-- WORK INSTRUCTIONS --
Starting at the line that contains "На Фиг.1 ссылочное" and stopping at the line that contains "郑州市第四十一高级中学保安服务项目竞争性磋商公告", transcribe every line of the material below exactly; pictures stay out.
Start of MATERIAL SHOWN
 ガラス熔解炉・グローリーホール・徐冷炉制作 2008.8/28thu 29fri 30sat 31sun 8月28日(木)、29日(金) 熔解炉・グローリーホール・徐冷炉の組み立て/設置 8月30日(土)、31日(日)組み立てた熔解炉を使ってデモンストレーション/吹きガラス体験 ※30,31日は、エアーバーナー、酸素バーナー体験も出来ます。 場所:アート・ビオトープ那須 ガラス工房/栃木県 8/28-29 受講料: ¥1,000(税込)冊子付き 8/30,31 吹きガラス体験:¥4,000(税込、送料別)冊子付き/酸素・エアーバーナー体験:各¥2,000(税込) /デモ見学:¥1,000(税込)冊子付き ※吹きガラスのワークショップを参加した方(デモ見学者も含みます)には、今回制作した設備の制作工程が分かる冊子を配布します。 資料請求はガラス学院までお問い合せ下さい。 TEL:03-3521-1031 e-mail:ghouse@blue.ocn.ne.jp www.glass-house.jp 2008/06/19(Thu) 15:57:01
End of MATERIAL SHOWN
Start of MATERIAL SHOWN
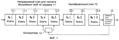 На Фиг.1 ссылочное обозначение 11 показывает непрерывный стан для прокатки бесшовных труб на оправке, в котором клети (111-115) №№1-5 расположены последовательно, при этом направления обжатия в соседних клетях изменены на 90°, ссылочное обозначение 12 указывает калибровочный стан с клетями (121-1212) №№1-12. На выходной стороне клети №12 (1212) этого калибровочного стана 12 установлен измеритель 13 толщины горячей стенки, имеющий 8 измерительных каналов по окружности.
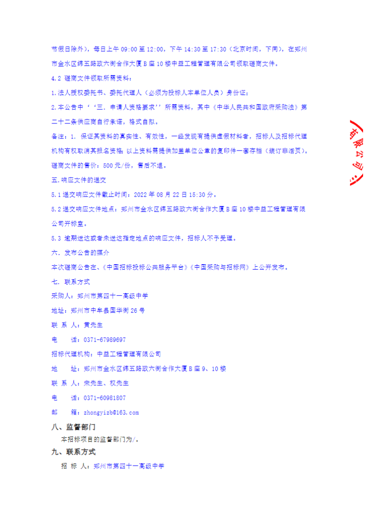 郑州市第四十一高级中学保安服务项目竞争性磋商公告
End of MATERIAL SHOWN
Start of MATERIAL SHOWN
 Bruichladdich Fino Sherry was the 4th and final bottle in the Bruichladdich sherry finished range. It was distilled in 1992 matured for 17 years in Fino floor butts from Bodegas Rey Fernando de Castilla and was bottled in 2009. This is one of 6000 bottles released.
End of MATERIAL SHOWN
-- RESPONSE TO THE TASK --
 На Фиг.1 ссылочное обозначение 11 показывает непрерывный стан для прокатки бесшовных труб на оправке, в котором клети (111-115) №№1-5 расположены последовательно, при этом направления обжатия в соседних клетях изменены на 90°, ссылочное обозначение 12 указывает калибровочный стан с клетями (121-1212) №№1-12. На выходной стороне клети №12 (1212) этого калибровочного стана 12 установлен измеритель 13 толщины горячей стенки, имеющий 8 измерительных каналов по окружности.
 郑州市第四十一高级中学保安服务项目竞争性磋商公告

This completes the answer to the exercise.